Figured humor was the best place to post this.

Go Utes! hehe.


----------



## Catherder (Aug 2, 2008)

You don't like the idea? I think BYU could institute it too, but they should put the first one in Lavell Edwards Stadium for the fans. The line might be a bit long though.


----------



## wyoming2utah (Sep 12, 2007)

Catherder said:


> You don't like the idea? I think BYU could institute it too, but they should put the first one in Lavell Edwards Stadium for the fans. The line might be a bit long though.

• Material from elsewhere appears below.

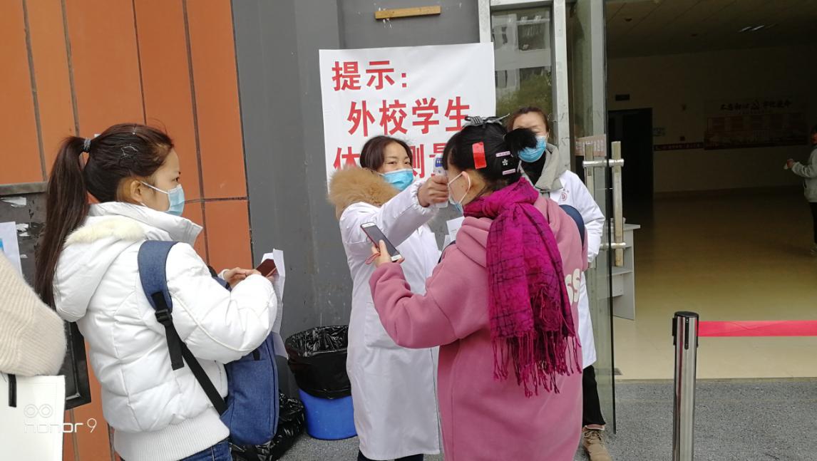 外校考生进入考场前测量体温,准考证上盖蓝章

After last night, the Jazz need one too!

I don't think BYU fans need a cry closet; they do it openly just fine!


----------



## GaryFish (Sep 7, 2007)

I texted the story to my daughter at Utah State. She said they have dog cuddling rooms in Logan for stressed out students.


----------



## Clarq (Jul 21, 2011)

I spent 4 years at the U, and let's just say... there are a lot of reasons to cry when you're a student at that place.



GaryFish said:


> I texted the story to my daughter at Utah State. She said they have dog cuddling rooms in Logan for stressed out students.


At USU, there's also a designated crying area at the testing center. They request that all episodes be kept to a maximum of 10 minutes.


----------



## ZEKESMAN (Sep 14, 2007)

GaryFish said:


> I texted the story to my daughter at Utah State. She said they have dog cuddling rooms in Logan for stressed out students.


How do I get the job as cuddle dog trainer at the University? Anyone? Vic


----------